SOURCE MATERIAL
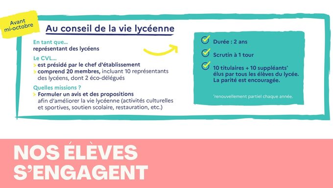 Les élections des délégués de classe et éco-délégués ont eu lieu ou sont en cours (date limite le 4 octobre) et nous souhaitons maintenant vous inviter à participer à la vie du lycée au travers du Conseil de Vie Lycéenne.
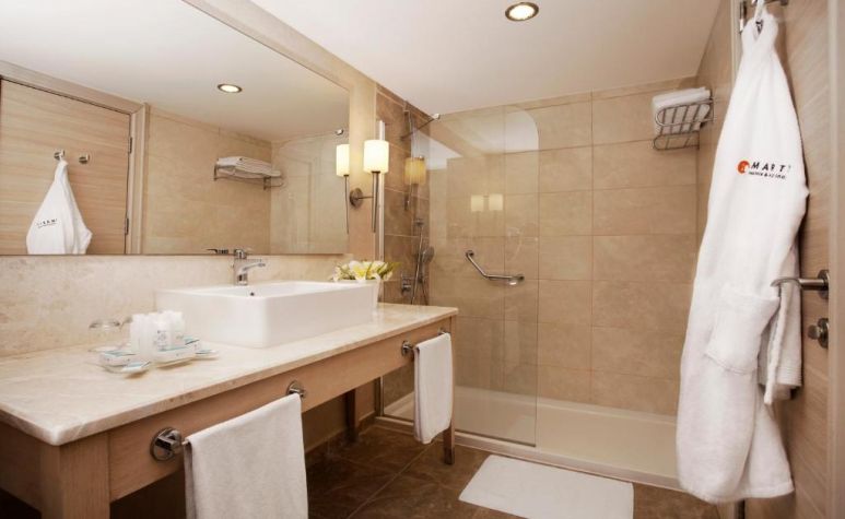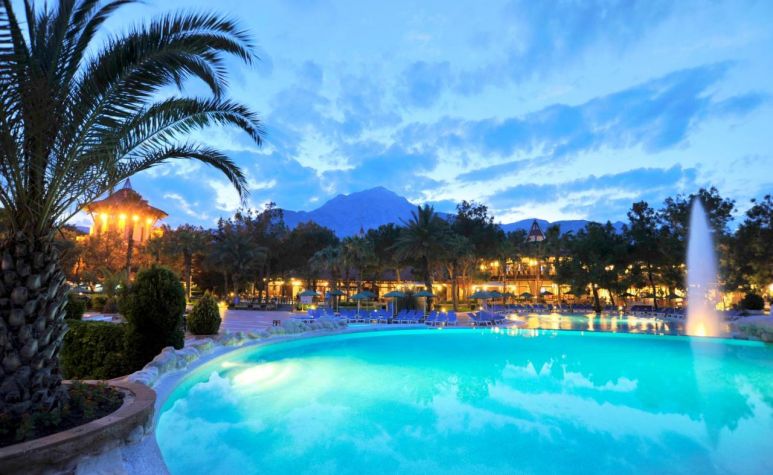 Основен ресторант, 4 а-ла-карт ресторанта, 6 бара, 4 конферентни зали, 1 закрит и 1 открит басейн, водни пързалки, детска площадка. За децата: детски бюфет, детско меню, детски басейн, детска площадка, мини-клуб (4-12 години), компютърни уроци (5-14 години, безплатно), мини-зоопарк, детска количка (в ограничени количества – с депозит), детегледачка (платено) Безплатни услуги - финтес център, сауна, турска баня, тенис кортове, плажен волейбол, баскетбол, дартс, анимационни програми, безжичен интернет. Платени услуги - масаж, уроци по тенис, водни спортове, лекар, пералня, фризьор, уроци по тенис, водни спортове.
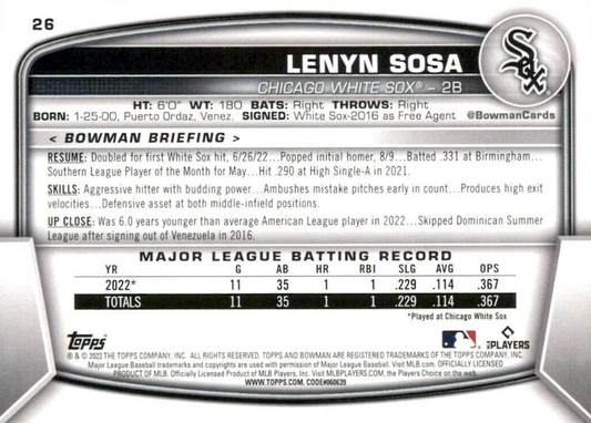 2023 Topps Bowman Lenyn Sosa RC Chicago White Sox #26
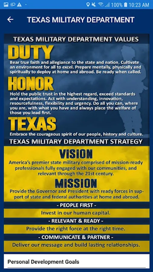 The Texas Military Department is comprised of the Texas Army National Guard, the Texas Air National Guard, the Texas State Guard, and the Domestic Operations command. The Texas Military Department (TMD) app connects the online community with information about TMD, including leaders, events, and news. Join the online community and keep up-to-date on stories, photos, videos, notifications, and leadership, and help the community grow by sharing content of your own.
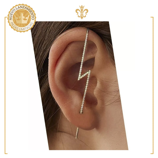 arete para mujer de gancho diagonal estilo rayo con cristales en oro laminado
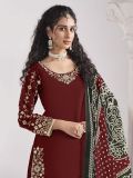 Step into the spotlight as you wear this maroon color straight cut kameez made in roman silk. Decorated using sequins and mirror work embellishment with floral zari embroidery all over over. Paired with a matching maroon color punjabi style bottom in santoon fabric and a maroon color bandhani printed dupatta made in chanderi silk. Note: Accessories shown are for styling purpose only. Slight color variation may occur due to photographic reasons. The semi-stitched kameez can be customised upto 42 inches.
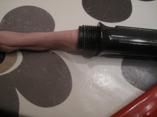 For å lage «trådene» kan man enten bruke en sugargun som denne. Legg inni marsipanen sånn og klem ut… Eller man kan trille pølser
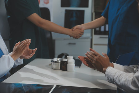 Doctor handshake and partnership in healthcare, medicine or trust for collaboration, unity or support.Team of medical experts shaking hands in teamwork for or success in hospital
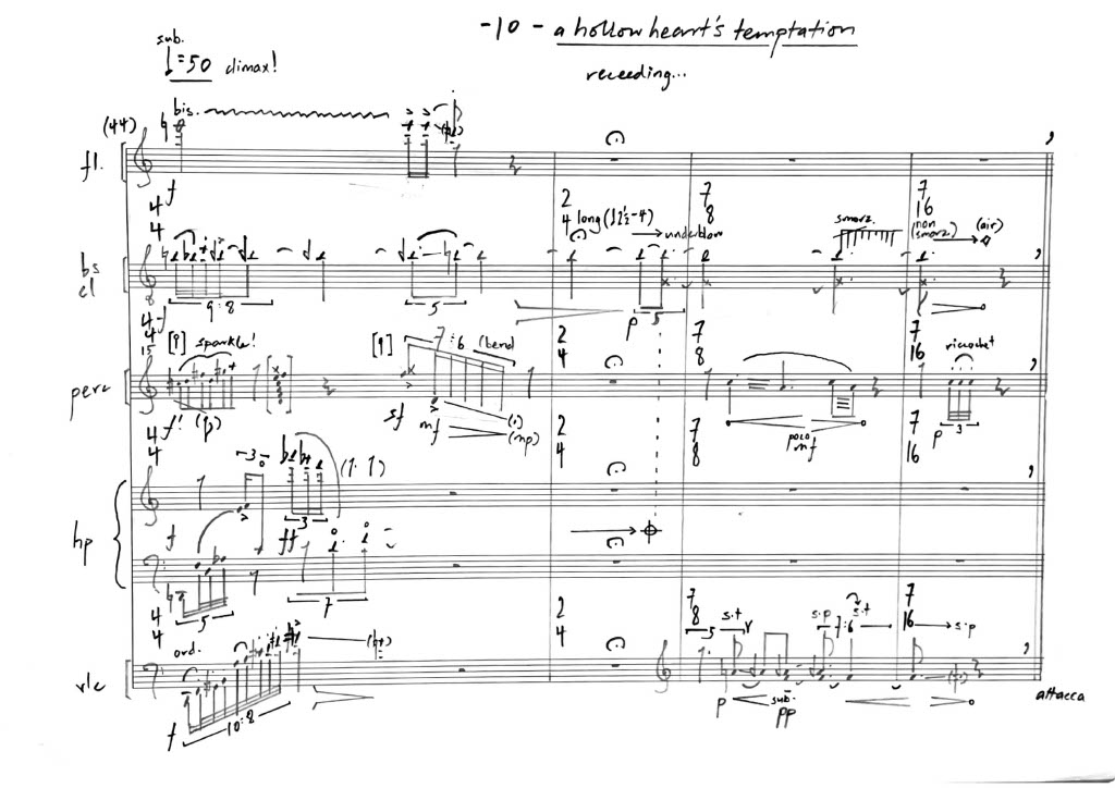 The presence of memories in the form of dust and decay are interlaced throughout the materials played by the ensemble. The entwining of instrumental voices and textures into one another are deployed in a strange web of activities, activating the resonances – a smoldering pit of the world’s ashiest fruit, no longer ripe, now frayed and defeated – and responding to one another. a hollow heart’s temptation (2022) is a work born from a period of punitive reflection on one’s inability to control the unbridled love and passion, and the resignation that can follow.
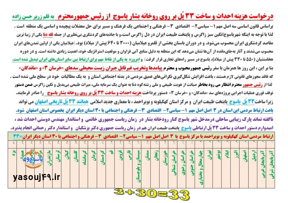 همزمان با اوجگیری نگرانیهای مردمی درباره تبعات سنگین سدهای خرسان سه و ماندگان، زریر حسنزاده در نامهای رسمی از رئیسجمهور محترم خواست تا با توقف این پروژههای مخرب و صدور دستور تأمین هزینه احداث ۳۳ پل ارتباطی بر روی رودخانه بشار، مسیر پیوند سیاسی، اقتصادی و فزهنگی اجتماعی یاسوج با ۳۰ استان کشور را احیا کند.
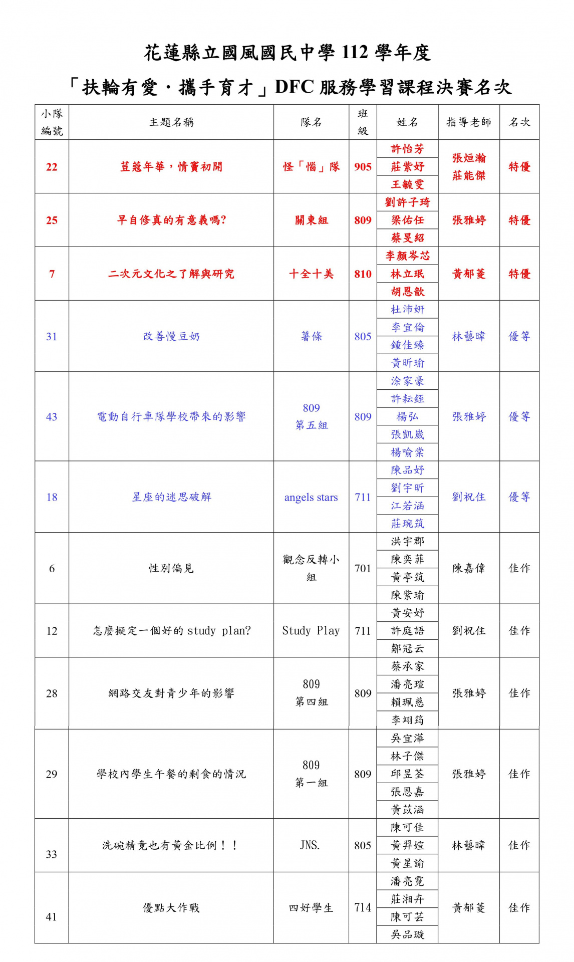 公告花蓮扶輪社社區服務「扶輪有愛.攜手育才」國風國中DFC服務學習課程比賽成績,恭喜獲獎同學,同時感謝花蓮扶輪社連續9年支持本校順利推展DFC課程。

---

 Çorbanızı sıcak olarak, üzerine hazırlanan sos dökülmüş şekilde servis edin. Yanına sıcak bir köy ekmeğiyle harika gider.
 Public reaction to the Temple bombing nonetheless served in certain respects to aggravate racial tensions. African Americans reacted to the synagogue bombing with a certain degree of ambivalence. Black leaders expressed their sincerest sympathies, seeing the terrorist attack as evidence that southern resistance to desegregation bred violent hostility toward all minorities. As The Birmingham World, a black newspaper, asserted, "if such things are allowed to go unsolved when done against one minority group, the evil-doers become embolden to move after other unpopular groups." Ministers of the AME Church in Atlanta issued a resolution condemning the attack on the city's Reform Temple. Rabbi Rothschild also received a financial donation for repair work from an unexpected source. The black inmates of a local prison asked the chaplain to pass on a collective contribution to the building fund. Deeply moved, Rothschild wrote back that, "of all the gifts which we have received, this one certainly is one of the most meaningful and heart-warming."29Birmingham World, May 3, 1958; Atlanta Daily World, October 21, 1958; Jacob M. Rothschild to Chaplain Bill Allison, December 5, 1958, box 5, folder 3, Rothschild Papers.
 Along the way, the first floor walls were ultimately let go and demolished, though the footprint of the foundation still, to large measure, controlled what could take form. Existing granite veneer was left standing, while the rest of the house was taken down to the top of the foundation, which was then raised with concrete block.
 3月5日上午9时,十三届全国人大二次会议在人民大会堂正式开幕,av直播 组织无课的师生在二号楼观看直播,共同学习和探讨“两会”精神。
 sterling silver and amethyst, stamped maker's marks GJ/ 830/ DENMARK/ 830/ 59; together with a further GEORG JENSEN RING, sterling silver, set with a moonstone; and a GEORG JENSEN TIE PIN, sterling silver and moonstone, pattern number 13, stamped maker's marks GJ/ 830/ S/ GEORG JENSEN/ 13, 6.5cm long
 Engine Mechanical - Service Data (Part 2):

TASK PROMPT
The lines to copy exactly start with the line above that has "Основен ресторант, 4" and go on through the line that has "arete para mujer"; please include both, add nothing else, and omit the pictures.

SOLUTION TO THIS TASK
 Основен ресторант, 4 а-ла-карт ресторанта, 6 бара, 4 конферентни зали, 1 закрит и 1 открит басейн, водни пързалки, детска площадка. За децата: детски бюфет, детско меню, детски басейн, детска площадка, мини-клуб (4-12 години), компютърни уроци (5-14 години, безплатно), мини-зоопарк, детска количка (в ограничени количества – с депозит), детегледачка (платено) Безплатни услуги - финтес център, сауна, турска баня, тенис кортове, плажен волейбол, баскетбол, дартс, анимационни програми, безжичен интернет. Платени услуги - масаж, уроци по тенис, водни спортове, лекар, пералня, фризьор, уроци по тенис, водни спортове.
 2023 Topps Bowman Lenyn Sosa RC Chicago White Sox #26
 The Texas Military Department is comprised of the Texas Army National Guard, the Texas Air National Guard, the Texas State Guard, and the Domestic Operations command. The Texas Military Department (TMD) app connects the online community with information about TMD, including leaders, events, and news. Join the online community and keep up-to-date on stories, photos, videos, notifications, and leadership, and help the community grow by sharing content of your own.
 arete para mujer de gancho diagonal estilo rayo con cristales en oro laminado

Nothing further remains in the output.